About Moving The Bones:

A vulnerable and honest collection of poems exploring lineage, love, and the pandemic, from one of the most acclaimed poets of his generation.

“You are told to believe in one paradise / and then there is the paradise you come to know,” begins Rick Barot. What follows is an account of the rich and thorny valley between those poles. Moving the Bones dwells in liminal spaces—of love and memory, the pandemic’s singular domesticity, a serene cemetery of ancestral plots, dawn. In precise and tender verse, Barot captures the particularities of being in the middle of one’s life, reflecting on the joys and sorrows of the past and confronting the inevitabilities that lie ahead.

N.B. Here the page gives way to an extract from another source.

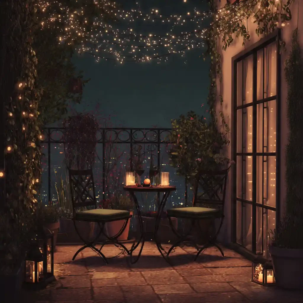 Soft fairy lights create a dreamy atmosphere. A small table setup suits intimate moments. Candles add warmth and elegance. Cozy chairs improve comfort levels. This patio is perfect for quiet romantic nights.

For Barot, this presence of mind is an art of being lost in thought. “My mind has a slow metabolism, it is slow / to understand what anything means,” he confides, “but understands that if you look at something / long enough, it will have something / to say to you.” Appreciating a Rembrandt, standing in a Goodwill, watching a boy with a flower behind his ear—we encounter ephemeral murmurs of meaning everywhere, but only by slowing down, listening. If we take time to notice the enduring insights of daily moments, if we praise cherry blossoms, lungs, and crying, we might find it easier to bear the loss of a loved one, the sting of solitude, the body’s decline.

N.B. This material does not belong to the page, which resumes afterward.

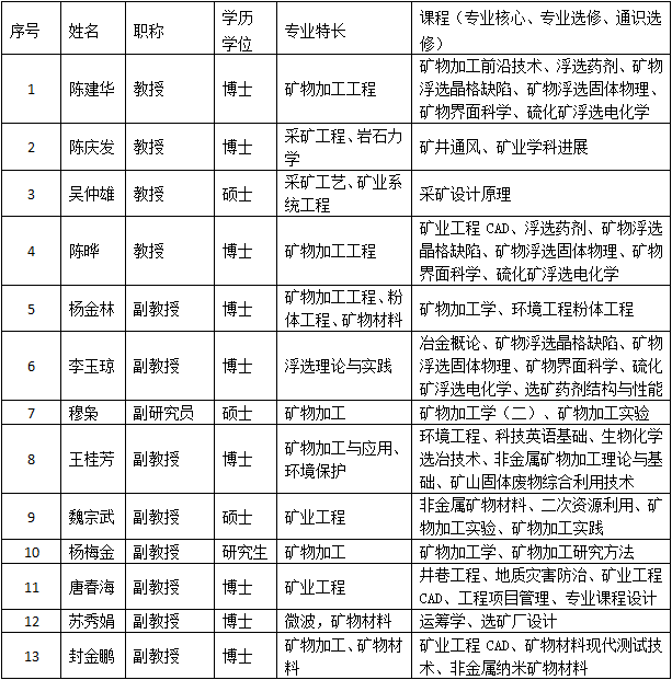 本专业紧密结合有色金属产业,培养以有色金属采矿、选矿为主的矿产资源开发利用与加工高素质专业技术人才。以矿业行业,特别是有色金属矿业对矿业人才的知识结构、能力结构和素质要求的特点,构建既能体现矿物资源工程专业平台的要求,又能适应学生向资源开采与安全、资源加工与循环利用两个专业方向发展的课程体系和相应的教学计划。学科基础课涉及数学、物理、化学、工程力学、工程流体力学、电工电子学、机械设计、工程制图等;专业课程融合了采矿工程和矿物加工工程两专业知识,使学生具有更宽的专业知识面。在专业平台上,采选并重;在专业方向上,设立资源开采与安全、资源加工与循环利用两个专业方向,强化专业深度、前沿技术;加强实践环节、科研能力和创新能力培养;加强现代科技和素质课程教育,提高人才对未来社会和行业发展的适应性。

By laying bare his own experiences, Barot brings us close enough to witness the lyrical work of consciousness. Patient and attentive, this collection illuminates the everyday and invites us to find pleasure in doing the same, at every stage of life.

About Rick Barot:

Rick Barot's most recent book of poems is Moving the Bones, published by Milkweed Editions in 2024.  His previous collection, The Galleons, was longlisted for the National Book Award.  His work has appeared in numerous publications, including PoetryThe New RepublicThe Adroit Journal, and The New Yorker.  He has received fellowships from the Guggenheim Foundation, the National Endowment for the Arts, and Stanford University.  He lives in Tacoma, Washington and directs The Rainier Writing Workshop, the low-residency MFA program in creative writing at Pacific Lutheran University. 

About The End of Childhood:

A tender and provocative collection of poems interrogating the troubles and wonders of both childhood and parenthood against the backdrop of global violence.

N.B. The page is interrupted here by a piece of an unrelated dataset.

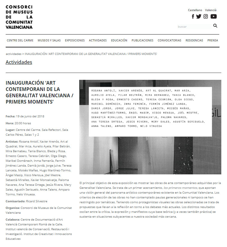 IV EDICION CALIMAR´T/1.1 UNIVERS_Centro Calima (Gilet_Valencia) Desde 15/6/2018_PDF UTOPIA STATION_Galería Utopia Parkway (Madrid) PRIMERS MOMENTS/ART CONTEMPORANI DE LA GENERALITAT VALENCIANA. Centro del Carmen (Valencia) Del 19/6 al 16/9/2018_ PDF PLEX_Museo de Bellas Artes de Castellón ESPAIS D'ART_Fundación Bancaja_Valencia ENLACE IMPACT10/LIBROS INTERVENIDOS DE LA UPV_Biblioteca central de Cantabria_Santander Del i al 10 de Septiembre_PDF1 PDF2 ARQUITECTURAS PINTADAS_Arquitecturas en la pintura española del siglo XXI_Roberto Mollá, Gonzalo Elvira, Jorge Tarazona, Dis Berlin, Marcelo Fuentes, Elena Goñi,Teresa Tomas, Angel Mateo Charris, Fernando Martin Godoy, Joël Mestre, Juan Cuellar, Paco de la Torre, Carlos Garcia Alix, Nelo Vinuesa, Damian Flores, Chema Peralta, Guillermo Peñalver. Del 20/10 al 12/11/2017 en Meinblau Projektraum_Berlín (Alemania)_ |

From accomplished poet Wayne Miller comes a collection examining how an individual’s story both hues to and defies larger socio-political narratives and the sweep of history. A cubist making World War I camouflage, a forlorn panel on the ethics of violence in literature, an obsessive litany of “late capitalist” activities, a military drone pilot driving home after work—here, the awkward, the sweet, and the disturbing often merge. And underlying it all is Miller’s own domestic life with two children, who highlight the hopeful and ingenious aspects of childhood, which is “not // as I had thought / the thicket of light back at the entrance // but the wind still blowing / invisibly toward me / through it.”

The End of Childhood, Miller’s sixth collection of poems, is his most intimate, juxtaposing his own fraught youth with that of his children amid insurrection and pandemic, vacation and vocation, art and war. This piercing book spares nothing as it searches for a measure of personal benevolence and truth in today’s turbulent, brutalizing world—which it confronts through a singularly candid and lyrical voice.

About Wayne Miller:

Wayne Miller is the author of six poetry collections: The End of Childhood (2025), We the Jury (2021), Post- (2016), The City, Our City (2011), The Book of Props (2009), and Only the Senses Sleep (2006). His awards include the UNT Rilke Prize, two Colorado Book Awards, a Pushcart Prize, an NEA Translation Fellowship, six awards from the Poetry Society of America, the Bess Hokin Prize from Poetry, and a Fulbright Distinguished Scholarship to the Seamus Heaney Centre in Northern Ireland. He has co-translated two books from Albanian into English—most recently Moikom Zeqo’s Zodiac (2015), shortlisted for the PEN Center USA Award in Translation—and has co-edited three books, most recently Literary Publishing in the Twenty-First Century (2016). He lives in Denver, where he co-directs the Unsung Masters Series, teaches at the University of Colorado Denver, and edits Copper Nickel.